Also, performing the placement work and the wiring work at the same
time makes it possible to more easily perform individual work.
[0158] When there is interference, the information processing
apparatus 100 displays information indicating that the placement of
the first component is not permitted to be finalized at the
position of the distal end of the wiring pattern and the first
wiring pattern is not permitted to be finalized. This makes it
possible to present information indicating that the unplaced
component is not permitted to be placed at a position for which an
instruction for the finalization is issued and makes it possible to
facilitate the placement work and the wiring work.
[0159] The information processing apparatus 100 may display the
first component in a state in which the first terminal is located
at the distal end of the first wiring pattern and the first
terminal and another terminal of the first component are located on
the straight line of the first wiring pattern. This makes it
possible to directly route a wiring pattern on a straight line from
the center point of the body of the component toward the origin of
the component lead. Thus, performing wiring work for a wiring
pattern considering the orientation of a pin of an already placed
component makes it possible to suppress generation of a pool of
solder or the like and makes it possible to suppress a decline in
the soldering quality.
[0160] Also, the information processing apparatus 100 may display
the first component in a plurality of orientations in a state in
which the first terminal is located at the position of the distal
end of the first wiring pattern, and finalizes the placement of the
first component in one of the plurality of orientations, which is
designated by the designer. Thus, the component may be placed in an
orientation considering the quality of soldering, among a plurality
of orientations in which the component may be manufactured.

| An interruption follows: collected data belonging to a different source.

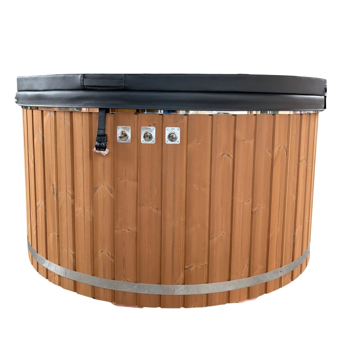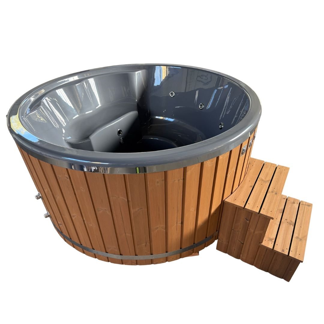 This medium-sized hot tub (200 cm external diameter) is designed to comfortably accommodate 4–5 persons, making it a perfect fit for couples or small families. The natural-oiled thermowood exterior gives the hot tub a warm, organic feel that integrates beautifully into any outdoor space. Inside, the smooth grey fiberglass liner adds a clean and timeless look while offering excellent comfort and durability.
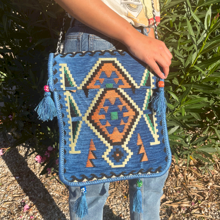 The distinctive design of our Kilim bags effortlessly captivates attention, making them perfect statement pieces.
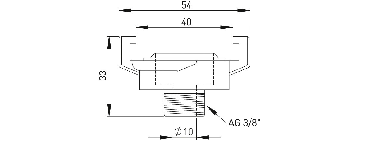 ASW Gewindestück AG 3/8", Nockenweite 40mm, Messing roh

[0161] When a component whose terminals have a polarity, such as a
two-terminal finite capacitor, is attached in a wrong direction
during assembly, there is a possibility that a failure occurs in a
product in which the component is mounted. During assembly, since
components are mounted based on design information designed via
CAD, no terminals are mounted in a wrong direction. However, for
example, when a person removes a component owing to a product
failure due to soldering or the like and then remounts the
component or when a person remounts a component owing to a change
in design, the component may be attached in a wrong direction.
[0162] Accordingly, the information processing apparatus 100
displays the first component in a plurality of orientations based
on a polarity defined for the terminals of the first component and
finalizes the placement of the first component in one of the
plurality of orientations, which is designated by a designer. For
example, in the case of a finite capacitor, the orientation of the
finite capacitor is defined on a printed circuit board such that a
terminal having a positive (+) polarity is placed in the positive
direction on an X-axis or in the positive direction on a Y-axis.

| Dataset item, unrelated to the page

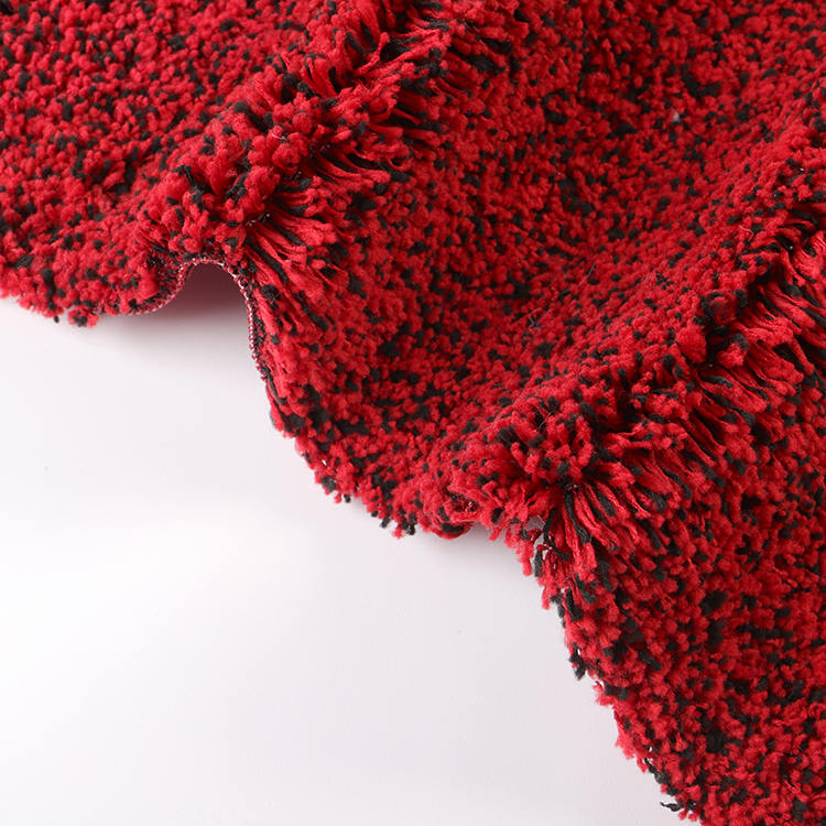 Dibuat dari 100% poliester, kain ini menawarkan berat 850gsm, memastikan nuansa mewah dan substansial. Tinggi tiang 10mm menambah kemewahannya, menjadikannya pilihan yang sangat baik untuk berbagai aplikasi, termasuk karpet, karpet, dan tikar mandi.

The orientation of the finite capacitor is defined on the printed
circuit board such that a terminal having a negative (-) polarity
is placed in the negative direction on the X-axis or in the
negative direction on the Y-axis. In the case of a diode, the
orientation of the diode is determined such that the anode terminal
thereof is placed at the positive side on the X-axis or the
positive side on the Y-axis. In the case of a diode, the
orientation of the diode is determined such that the cathode
terminal thereof is placed at the negative side on the X-axis or
the negative side on the Y-axis. As described above, restricting
the orientation of the placement of a component makes it possible
to suppress the component being attached in a wrong direction.

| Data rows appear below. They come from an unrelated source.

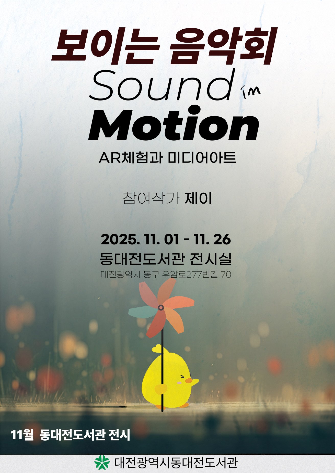 [충청중심뉴스] 동대전도서관은 1일부터 26일까지 1층 전시실에서 ‘보이는 음악회, SOUND IN MOTION 展’을 진행하고 있다.
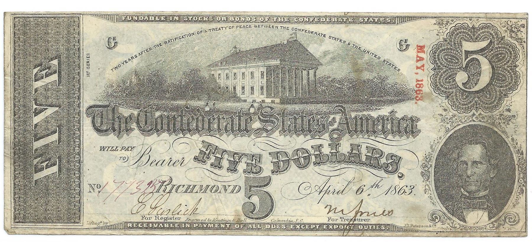 One 1863 $5 The Confederate States of America Note T-60 CC
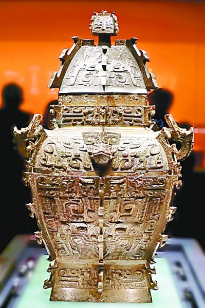 湖南省博物館藏的商代皿方罍(音雷,酒器)本報(bào)記者 李韻攝/光明圖片
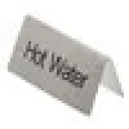The Update International TS-HWT "Hot Water" Tent Sign 3" X 0.25" X 1.5" is an important item to keep in every restaurant establishment that needs to put hot water signs on tabletops. This Tent sign is made of stainless steel.

Accordingly, it is possible to perform design considering the
manufacturability called DFM and testability called DFT.
[0163] Also, there a case in which the first component is already
placed or is temporarily placed. When the first component is
already placed, the information processing apparatus 100 does not
display the first component in a state in which the first terminal
is located on the second terminal of the second component, instead,
moves the first component to the position of the distal end of the
wiring pattern, finalizes the placement of the first component, and
finalizes the wiring pattern. Thus, when the first component is
already placed, component movement work may be performed while
performing wiring work, thus making it possible to reduce redoing
of the movement work and the wiring work.
[0164] When a second wiring pattern that connects from another
terminal of the first component, which is different from the first
terminal, to a terminal of a third component having a connection
relationship with the other terminal is already finalized, the
information processing apparatus 100 displays information
indicating that the second wiring pattern is already finalized,
before finalizing the placement of the first component. When
another terminal is already wired, it is possible to provide the
designer with information indicating that another terminal is
already wired, thus making it possible to suppress unwanted
movement of the component. Also, this allows the designer to
select, for example, the placement of a component which reduces the
length of a wiring pattern.
[0165] When the information processing apparatus 100 moves the
first component to the position of the distal end of the wiring
pattern, finalizes the placement of the first component, and
finalizes the first wiring pattern, it removes the second wiring
pattern and receives a designated route for the third wiring
pattern that connects from another terminal to a terminal of the
third component. This makes it possible to receive designation of a
route for another wiring pattern in place of the removed wiring
pattern, while moving the placement of the component.
[0166] A computer, such as a personal computer or a workstation,
may execute a prepared component placement program to realize the
component placement method described in the present embodiment. The
component placement program is recorded in a computer-readable
recording medium, such as a magnetic disk, an optical disk, a
universal serial bus (USB) flash memory, and the computer reads the
component placement program from the recording medium to execute
it. The component placement program may also be distributed over a
network, such as the Internet.
[0167] All examples and conditional language recited herein are
intended for pedagogical purposes to aid the reader in
understanding the invention and the concepts contributed by the
inventor to furthering the art, and are to be construed as being
without limitation to such specifically recited examples and
conditions, nor does the organization of such examples in the
specification relate to a showing of the superiority and
inferiority of the invention. Although the embodiment of the
present invention has been described in detail, it should be
understood that the various changes, substitutions, and alterations
could be made hereto without departing from the spirit and scope of
the invention.
* * * * *